As to the guidance of 4 November 2004, the critical part of the relevant e-mail from the SSH to the Skipton Fund read:
“… It should be assumed that the virus has been cleared in the acute phase unless robust medical evidence is cited that proves, on the balance of probabilities, that the patient experienced chronic infection i.e. infection that extended after the first six months of illness.”
In a letter on behalf of the SSH dated 26 October 2010 it was sated that the Skipton Fund had in effect incorporated the essence of this guidance into the Skipton Fund application form, the guidance notes and the letter informing those who clear the virus in the acute phase that they are not entitled to a payment. That appears to me what in substance has taken place, and the guidance cannot, therefore, be meaningfully described as “unpublished”.
The Claimant specifically takes issue with the language of the document, insofar as it refers to an “assumption” and to “robust evidence”, contending that such language is at odds with the published criteria of the Scheme. I do not agree. The published criteria do not deal explicitly with the question of how applicants should show that they fall within any relevant category of entitlement. However, it is plain that the Skipton Fund and, on any appeal, the Appeal Panel would have to decide whether or not any particular applicant did so.
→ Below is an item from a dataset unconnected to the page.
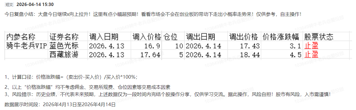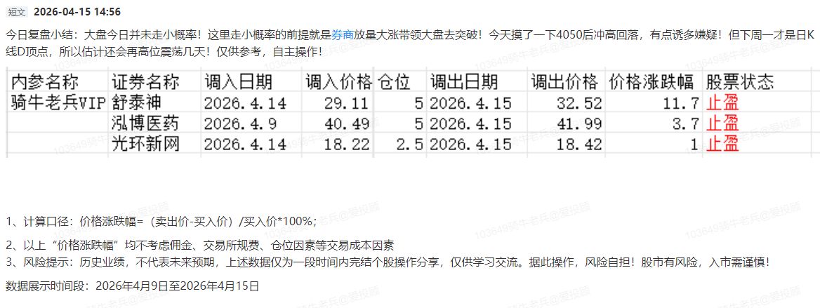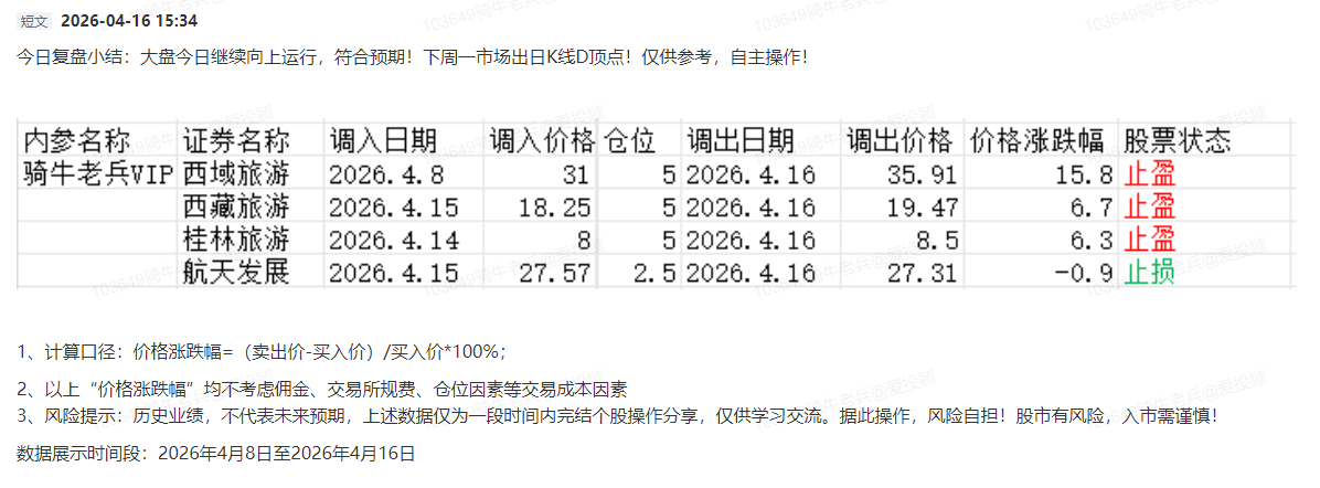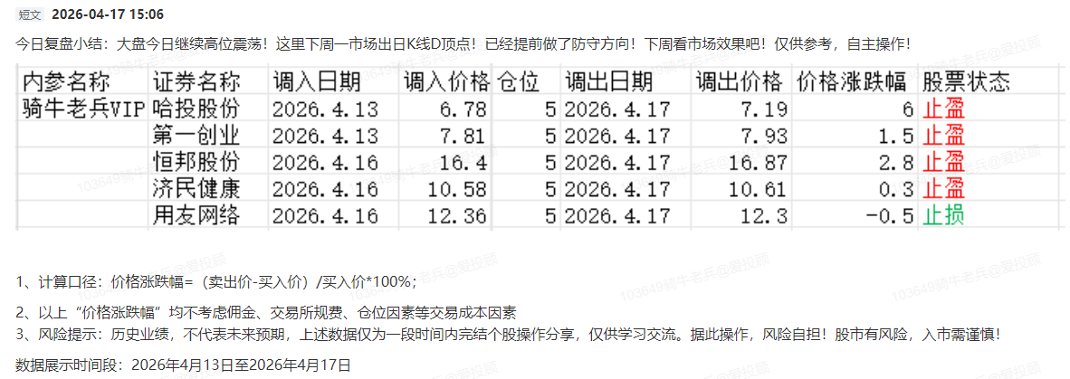 以上为本周已经完成的所有交易!本周老兵给自己打80分!本周总共完成了23笔交易,其中大赚5笔,小赚12笔,平手出局2笔,小亏4笔(亏损都在1.5%以内)同时,个股也都有周内不断的做高抛低吸降低了不少成本!这样的成绩单VIP圈友们都是非常满意的!各位老铁再接再厉,与老兵团队一起共创辉煌!(今后每周周末都会把当周的所有已经完成的交易发上来让大家学习)

It appears to me to be no more than common sense that, given the statistical improbability of an infected person clearing the virus spontaneously after six months’ infection, any decision-maker would begin with an “assumption” that the applicant did not fall within that statistically small category, unless medical evidence showed that he or she was more likely than not to have cleared the virus spontaneously after such period. Nor do I believe that the epithet “robust” adds much, if anything, in this context. It does no more than remind the decision-maker that, given the statistical improbability of the asserted contingency, he or she should look with care at the particular medical evidence put forward to ensure that (a) it was accurate and reliable and (b) that it was in fact probative of what was assented. That again, in the present context, seems no more than common sense.
I, therefore, reject the contention both that the guidance contained in the e-mail of 4 November 2004 was “unpublished” in any relevant sense and that such guidance was in conflict with, or inconsistent with, the published criteria.
For these reasons both grounds of challenge fail and I dismiss this application for judicial review against SSH.